Dreh dich nicht um (schau, schau) der Kommissar geht um
July 20, 2007 at 11:19 am (Diplomacy, New Labour, Russia)
I’m not, I must admit, a huge fan of Vladimir Putin or his grisly Kremlin regime. Quite the contrary. So why do I find myself warming to the bastard? It must have something to do with the style he’s shown slapping it up the Brits in the current diplomatic crisis.
The pretext for all this hoo-hah is the Brits’ request for the extradition of some bloke called Lugovoi, who is apparently the chief suspect in the Litvinenko poisoning case. Whether he did it, or even whether there’s any evidence against him, I have no idea, but the Brits fingered this Lugovoi and then demanded the Kremlin hand him over. No doubt they had in mind the actions of the neo-Jacobin government in Belgrade some years back, which happily kidnapped Milošević and gave him up to the Hague Inquisition, in breach of about a dozen federal and republican laws. No such luck with Putin – if the Russian constitution forbids extraditing Lugovoi, the Kremlin strongman is not minded to breach the constitution for the Brits’ convenience.
So what we then have is the Brits, in a fit of pique, expelling four Russian diplomats. Tellingly for the new spin-free Brown government, the expulsions were accompanied by a statement from the FCO that any retaliation would be unjustified. So then the Russians do four expulsions of their own, and are met by lots of moaning and groaning from the new Foreign Secretary, nine-year-old wunderkind David Miliband, who reckons there is no excuse for the Russians doing, er, what the Brits are only after doing.

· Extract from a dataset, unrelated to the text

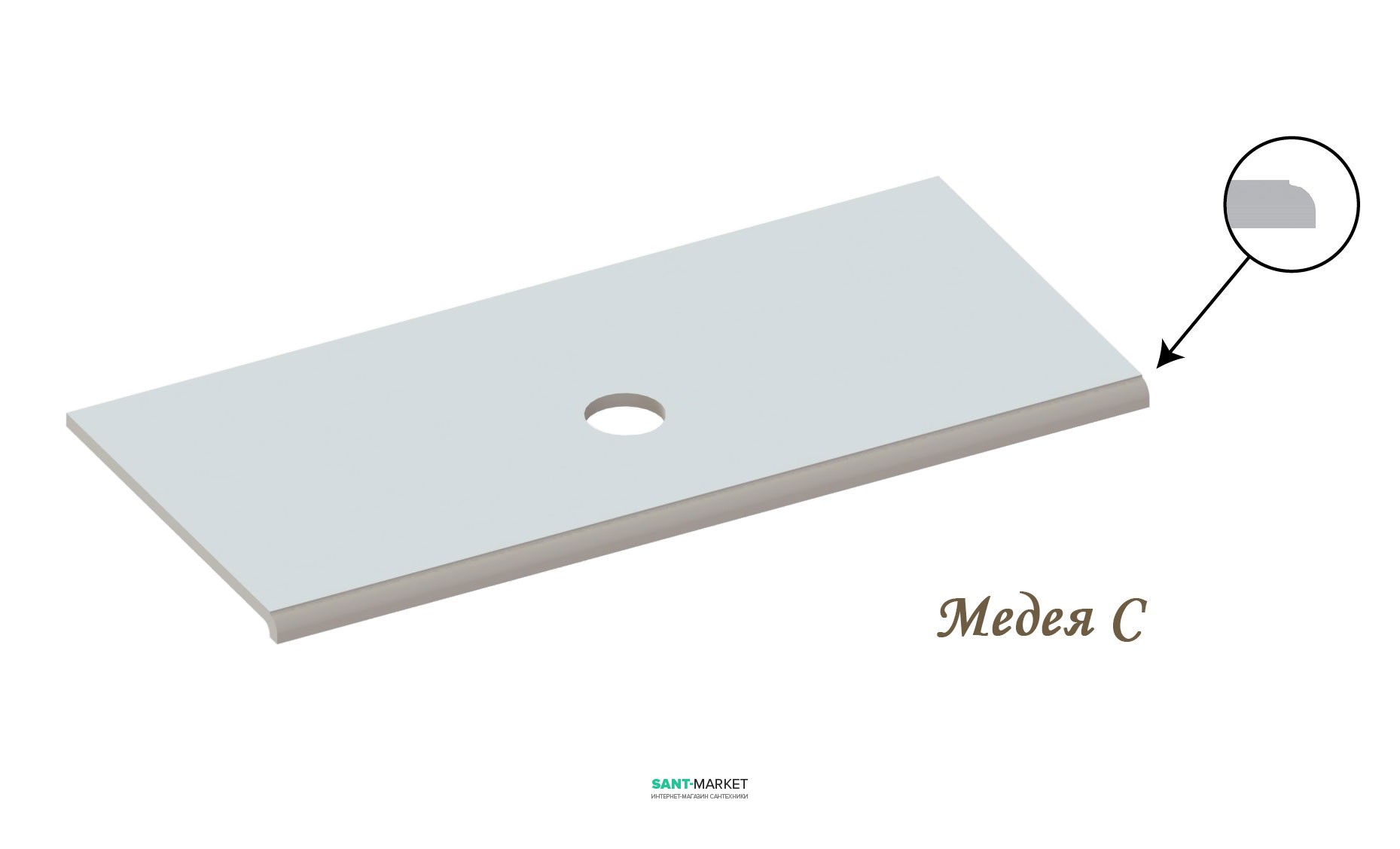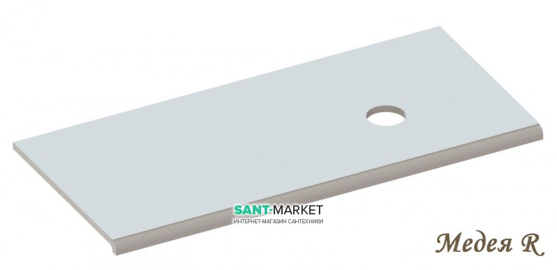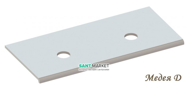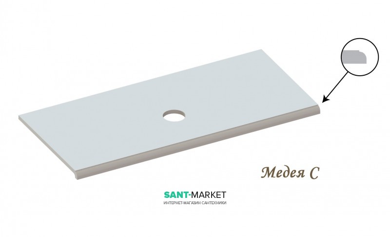 Столешница «Медея» 900/550 имеет прямоугольную форму с разными вариантами установки умывальника. На столешницу возможно установить умывальник в четырёх вариантах: установка умывальника по центру столешницы, установка умывальника справой или с левой стороны столешницы, а так же возможно установить сразу 2 умывальника на одну столешницу (если позволяют размеры умывальника устанавливать пару на выбранном размере столешницы). Столешница «Медея» 900/550 имеет необычную форма капиноса, что выделяет её из ряда других столешниц под умывальники, выглядит она привлекательно, очаровательно, дорого и является практичным и функциональным решением в оформлении ванной комнаты. Качественная столешница для ванной непроницаема для воды и пара, поэтому о проблемах деформирования поверхности можно забыть. По тактильному комфорту столешница из искусственного камня также выигрывает у холодного мрамора и гранита. Смотрятся они очень дорого и эффектно, а по цене намного доступнее столешниц из натурального камня. Изделия из литого мрамора не имеют пор, микротрещин и соединительных линий, следовательно, легко моются, не впитывают грязь и запахи. Искусственный камень также обладает высокой стойкостью к термическим и химическим воздействиям, что делает столешницу из этого материала долговечной и удобной в эксплуатации.

What interests me is the question of why the Brits have such a bad relationship with the Russians, while the French, the Germans and the Yanks are getting on quite well with Putin. I’m tempted to blame the FCO minister responsible for Russia, prize gobshite Jim Murphy, but he’s only just in post. A big element, no doubt, is the Brits’ recent decision to grant political asylum to the glorified spiv Berezovsky, whom the British media seem to be treating as a kind of Mandela figure, instead of being the Russian analogue to Conrad Blackadder.
But there’s also the element of Britain’s asylum policy in general. I realise of course that the likes of Melanie Phillips and Nick Cohen are always griping about mad Muslims getting into the country. They might have a point if they picked the right targets. What they actually do is focus on relatively harmless groups like Hizb-ut-Tahrir and Jamaat-e-Islami. (I know all about Jamaat’s record of thuggery in its native Bangladesh, but there have been no indications that it poses any danger to the British public.) Where Nasty Nick and Mad Mel go wrong is in ignoring the people who’ve made the most sensible criticism of Britain’s record, the government of France. Ironically, they consider the French to be unsound on “terror”.
The French raise the example of the Algerian GIA, who, unlike the blowhards of Hizb-ut-Tahrir, are a genuinely scary bunch. When the GIA got kicked out of France in the 1990s, where did they go? They went straight over to London on the Eurostar and set up their HQ in Peckham. One may speculate on the reasons for this, such as the possibility that, since France is backing the secular junta in Algiers, an Islamist victory may see Algeria swing towards Britain in its alignments.
Nor does it stop with Algeria. I don’t know what interests the Brits have in Sudan, but an awful lot of distinctly dodgy Sudanese have been setting up shop in Britain in recent years. Then there’s the British practice, which annoys the Russians no end, of granting asylum to Chechen separatist warlords. War on Terror, how are you. And that’s without even mentioning Altaf Hussein, capo of Pakistan’s mafia-style MQM party, who runs Karachi with a rod of iron from his base in North London.
What this demonstrates, I suppose, is that behind New Labour’s moral humbug, British foreign policy continues to run along lines of Palmerstonian ruthless pragmatism. This will escape the Russophobes who devoutly wish a new Cold War, but the Kremlin actually does have a legitimate complaint here.